Starting at the first line of the data and ending at the line with "第一回目の活動では、参加者が", copy each line exactly. Include both of those lines, but no pictures.

**COLLECTED DATA**
——————————

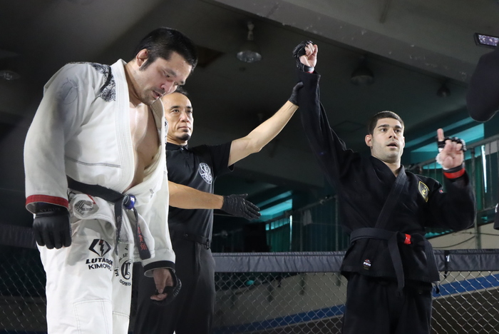 道衣MMA。1R、サウスポー構えの西村は右ジャブ、左ロー。オーソのラングはワンツーの右ストレートから組んで道衣を掴んで首相撲ヒザ。強い右ミドル。西村はシングルレッグで押し込むも、ケージで凌ぐラングに左足シングルに移行する西村。その背中にラングはパウンド、ヒジを落とす。ブレークに、ラングは右ハイから左右ラッシュで攻めてゴング。
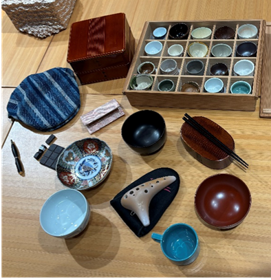 第一回目の活動では、参加者がそれぞれ日常生活で使っている工芸品の実物を持ち寄り、鑑賞や交流を行いました。部長の漆原さんによる伝統工芸部の趣旨説明の後、参加者全員が自己紹介を行い、各々が持参した工芸品について紹介しました。
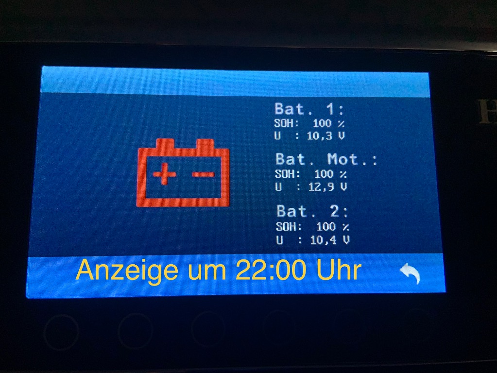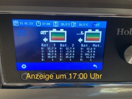 Nach voller Ladung geht die Anzeige schnell auf einen Wert von 12,4 Volt runter und bei der Restlaufzeit „t“ springt der Wert bei beiden Batterien um teilweise den doppelten Wert hin und her.
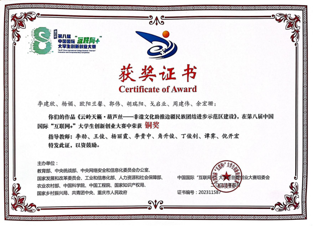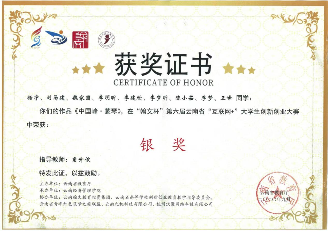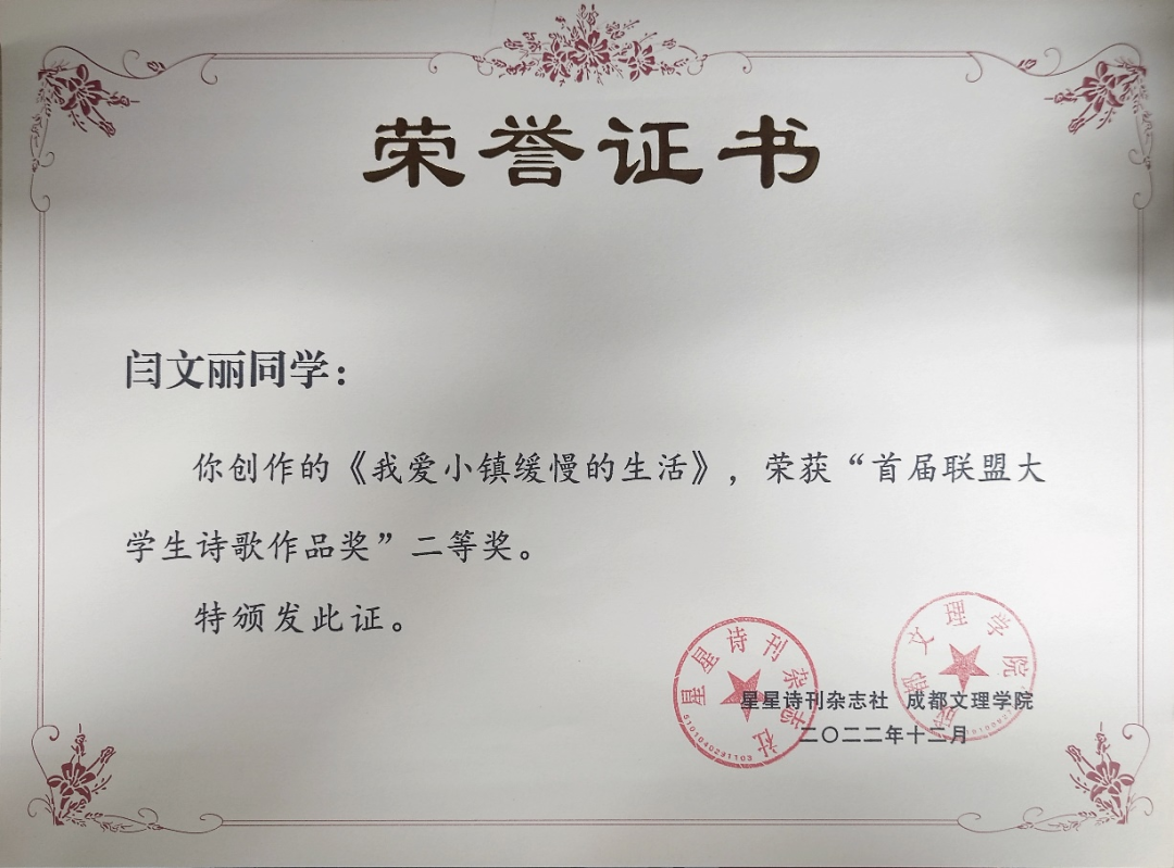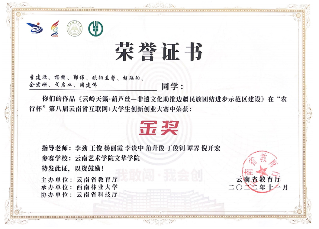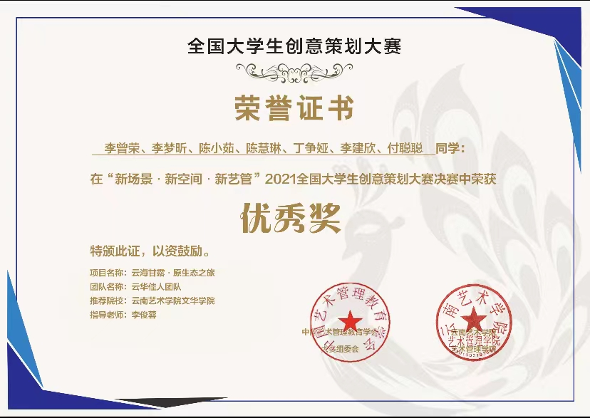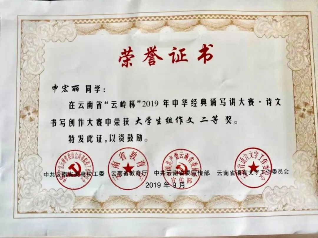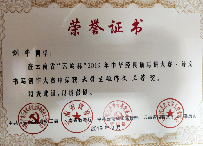 汉语言文学专业学生在校期间,普通话二级甲等通过率达95%,教师资格证通过率达88%。同时多次在国家级、省级、校级比赛中获得优异成绩,2024年2021级刘乐在第五届云南省“百名大学生自强之星”寻访推报工作中荣获云南省“百名大学生自强之星”;2022年度集团高校首届大学生诗歌比赛中,2020级汉语言文学专业的闫文丽、后兵同学荣获“首届联盟大学生诗歌作品奖”二等奖。2022年、2021年2023年“互联网+大学生创新创业大赛”中荣获省级金奖、国家级铜奖;2021年度云南省中国语言文学类专业本科大学生语文课程教学比赛中荣获三等奖和优秀奖;2020年“云岭杯”系列比赛荣获多个奖项;2019在“互联网+大学生创新创业大赛”中荣获省级银奖。

——————————

**THE ANSWER**
 道衣MMA。1R、サウスポー構えの西村は右ジャブ、左ロー。オーソのラングはワンツーの右ストレートから組んで道衣を掴んで首相撲ヒザ。強い右ミドル。西村はシングルレッグで押し込むも、ケージで凌ぐラングに左足シングルに移行する西村。その背中にラングはパウンド、ヒジを落とす。ブレークに、ラングは右ハイから左右ラッシュで攻めてゴング。
 第一回目の活動では、参加者がそれぞれ日常生活で使っている工芸品の実物を持ち寄り、鑑賞や交流を行いました。部長の漆原さんによる伝統工芸部の趣旨説明の後、参加者全員が自己紹介を行い、各々が持参した工芸品について紹介しました。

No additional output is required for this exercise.